Page 13
T his was the thing.
Well, panic rising in my chest made it difficult to actually think clearly, but I’d woken up with my head against Dylan Scotland’s shoulder, and in my fragile masculinity and weird definition of who I was supposed to be and how I was supposed to behave, I’d got up and fled.
I wasn’t proud. I wasn’t in any way happy with my behaviour. But now I was sitting on my sofa with my hands trembling, and I hadn’t even made a cup of tea.
What was even worse was that I was struggling to make sense of why I wasn’t making that tea and doing what any self-respecting man would have been doing: crossing that lawn with a tray of hot beverages and waking up the hardworking people so we could all sleep at night.
It was four in the afternoon, and Jean was a surprisingly lovely human being, smart and decent at the same time as she was warm, and she obviously cared a great deal about Dylan and his family.
She’d been gutted to have missed Constance’s visit, and I could definitely see where everyone was coming from.
Constance was clearly struggling, and if she, as a sixteen-year-old, could communicate that as honestly as she had, I believed she probably was.
Her siblings were struggling. Everyone was struggling.
I was struggling.
Mostly with admitting to myself what an absolute tool I was. Because I didn’t make that cup of tea. Instead, I stumbled across the room and curled up on my bed and lay there, wondering what the hell I was supposed to do.
I was a straight -laced man. I did not share beds with other men .
I had no idea why that was even an issue because I had spent a very large part of my life dealing with my son’s ideas of who he was supposed to be.
When reading between the very blurry lines of the mixed signals he’d always presented, Reuben had never been straight.
He’d been the most generous human being with that heart of his, and his crushes had been violently passionate and not easy to miss.
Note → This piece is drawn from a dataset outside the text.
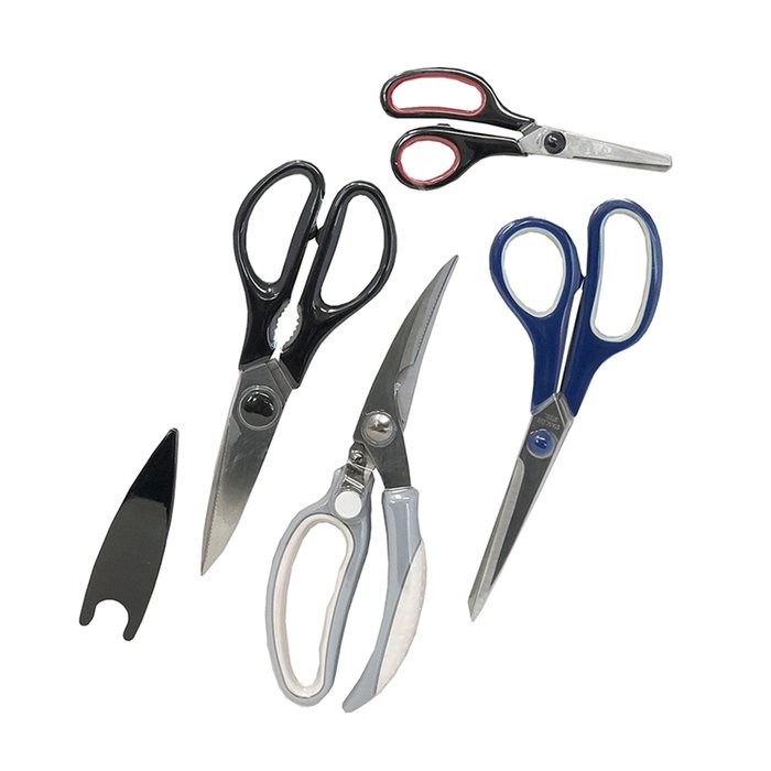 As tesouras de cozinha possuem lâminas de aço inoxidável endurecido de alta qualidade e cabo de plástico PP e TPR anatômico. Possui 2 tesouras multiuso e 2 tesouras de cozinha e 1 capa de tesouraMaterial:Aço inox e Plástico PP e TPRCor:Prata, Branco, Preto, Azul e vermelhoMedidas:Tesoura multiuso 5,5 polegadas: 14cmTesoura multiuso 8 polegadas: 22cmTesoura cozinha 8 polegadas: 21cmTesoura cozinha 9 polegadas: 24cmInstruções de Cuidado: Lavar com detergente neutro, esponja macia e secar imediatamente.Não usar esponja de aço.Não utilizar produtos abrasivos.Pode ir à lava-louças872MAB25427
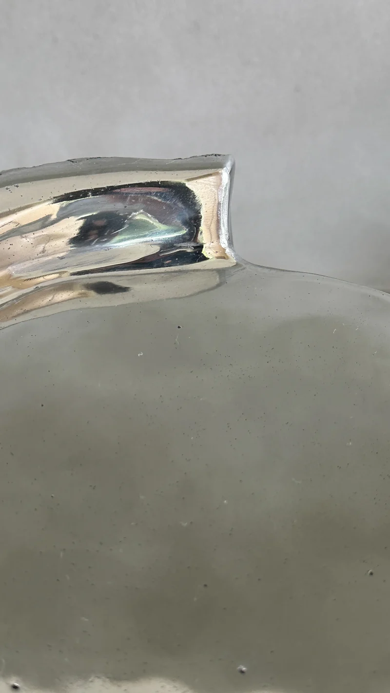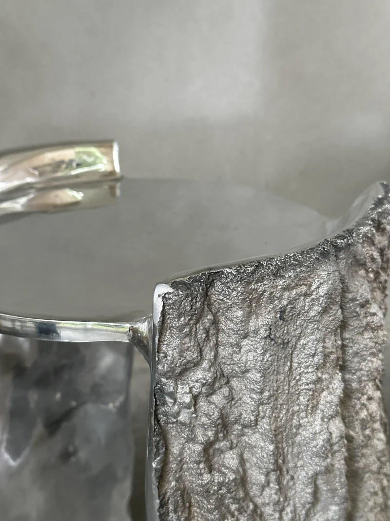Each unique ripple and pit, formed through the hand-casting process, adds to the piece’s individuality. Over time, the surface will naturally develop a patina, deepening its character. Alternatively, it can be restored to its original brilliance with a simple polish, offering two distinct expressions of its evolving form.

Yet here I was. I knew things. I knew how the human heart worked. How emotions and attraction made people do strange things. Also not-so-strange things, because at the end of the day, we were all just that: human beings in need of other humans. Touch. Affection. Understanding and…
Attraction. Love.
I couldn’t even think it out loud. Love. I knew all about love. I had loved my son with everything I was from the day I first met him. It had been an undeniable bond, and that violently passionate nature he possessed? I knew it because I had it too. Just in a more subtle way.
Attraction, though? A complicated beast that I wasn’t sure I’d ever truly mastered .
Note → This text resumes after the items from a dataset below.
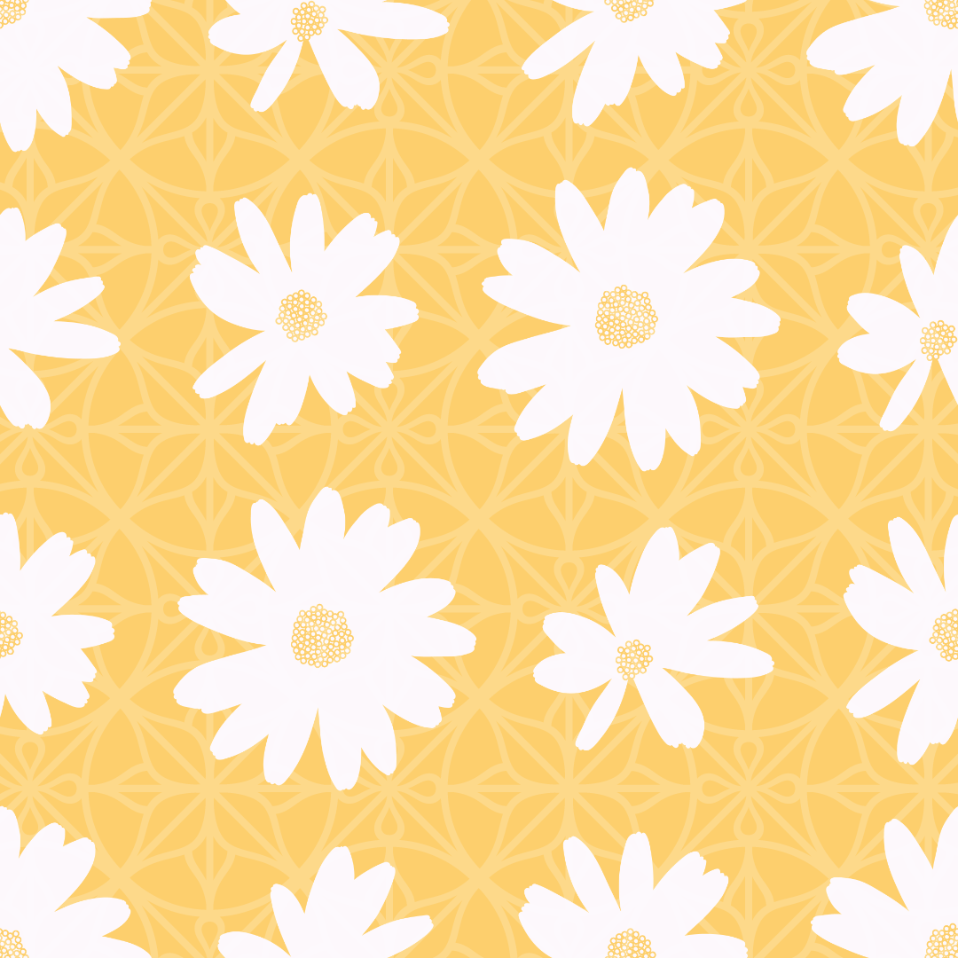 Daisy silhouette seamless illustration pattern. Cute happy flower wallpaper background.
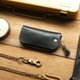/ 商品说明及故事 / weeken 维肯生活- Harley Black 手工真皮钥匙包,采用进口植鞣牛皮,并以手工精心车缝,细致工艺,坚韧耐用!采用黑色摔纹牛皮,自然挤压的皮革纹路,每一件都是独一无二,冷酷外表下蕴含着沈稳的心灵,质感卓越、低调内敛、历久不衰,让您在同事朋友之中更显与众不同,彰显个性化风格!内附黄铜环与短皮带,可吊挂汽机车钥匙与一般钥匙。植鞣天然牛皮,会随着时间与使用而产生色泽变化,好似美酒,越醇越芬芳~ 并可免费定制刻印英文字母,如名字过长建议使用缩写或姓氏。快来订做一个独一无二的个人真皮钥匙包吧~
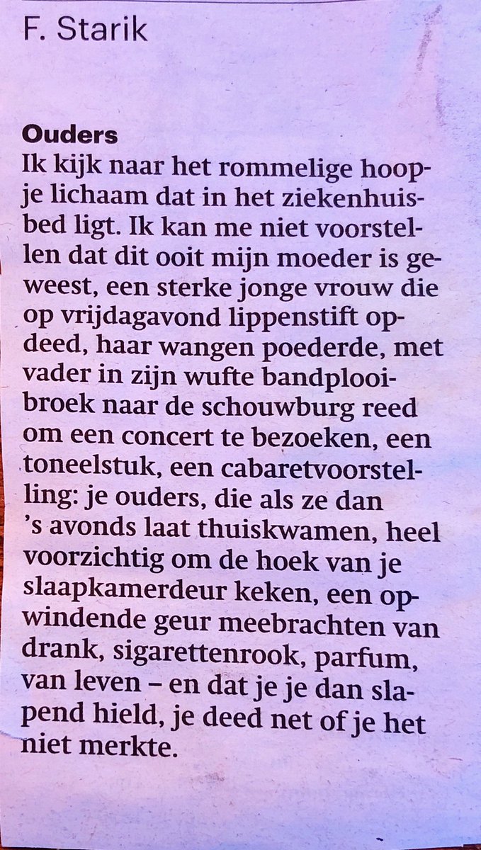 Voor een herinnering van vroeger die ik ooit geboekstaafd heb in mijn aantekeningen van een aantal jaren geleden, spitte ik hersenspinsels door. Ik zocht een stukje over mijn moeder, die zich opmaakte voor een avondje uit. Ooit had ik dat beeld gevangen in woorden. Het was naar aanleiding van Wauwel, die op Twitter een gedenkwaardig fragment uit het oeuvre van de dichter F. Starik aanhaalde. Wauwel(synoniem voor Rein Bijslma) vond dit stuk over de moeder zijn meest verpletterende stuk omdat het zo herkenbaar was. Ik moest direct denken aan mijn moeder vlak voordat ze met mijn vader uit zou gaan, terwijl ze onder het felle licht van de badkamer haar toilet maakte.
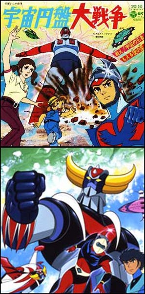 Nagai's super robot lab would eventually use this big-screen format to unleash something of a pilot film on his adoring public; along with the end of Great Mazinger, 1975 saw the film debut of The Great War of the Flying Saucers, in which the dashing alien Duke Freed uses the UFO-powered super robot Gattaiger to do battle with invaders. Sound familiar? It better, because this film was the prototype for the brand new chapter of the Mazinger-verse, UFO Robot Grendizer. Just look at the similarities between the movie and the eventual TV series. They even had the same theme song!
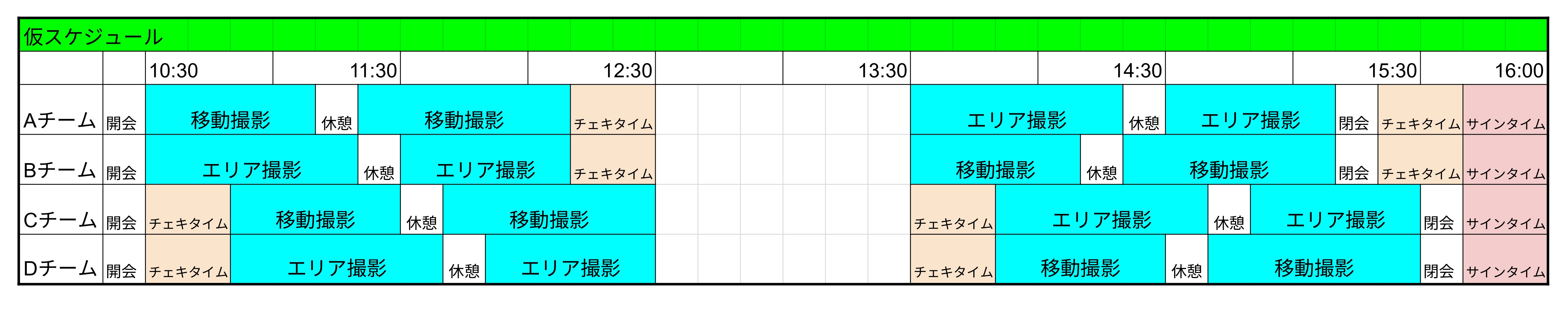 ※当日の状況に応じて、”チーム毎””時間毎”に撮影場所が変更となる場合ございます。
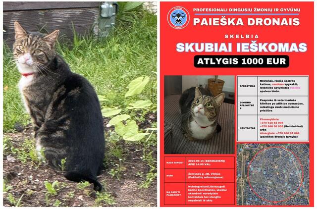 Dėl dingusio katino sostinėje – didelė paieškų operacija. Antradienį prie paieškos dronų kviečiami prisijungti ir savanoriai, o už dingusio augintinio radimą žadamas keturženklis atlygis.

Or maybe I was, again, just lying to myself. I was not attracted to Dylan Scotland. I had absolutely no intention of him being anything but a very dear friend.
A friend whom I hugged. A friend whom I had shared a bed with. And there was absolutely nothing weird or wrong about that.
I roared in frustration, grabbing a pillow and hurling it across the room.
Then I rang my son, because I needed to hear his voice.
“Dad,” he scolded me, looking at the state of me, sat topless on the bed.
“I know it’s evening time here and far too early over where you are, but I pulled an all-nighter with Dylan.”
“DAD!” he shouted as Gray appeared on the screen. “You what?”
“We worked.” Oh, hell. “Look, he had to get a load of paperwork organised, and I helped him.”
“Of course you did,” Gray smarmed while Reuben made disgusted noises at me.
“We don’t want to hear about your sex life.”
“Stop!” I shouted. “It’s not like that. ”
“Of course it’s not.” Reuben grimaced. “Dad. Stop it. Whatever you’re getting up to with that hot neighbour, we don’t want to know.”
“I hope you’re getting some,” said Gray.
I hated him. Honestly. What had I been thinking? But then he appeared on screen and smacked a loud kiss on my beloved son’s cheek, and I suddenly loved them both again. Because they were happy, and that made me happy.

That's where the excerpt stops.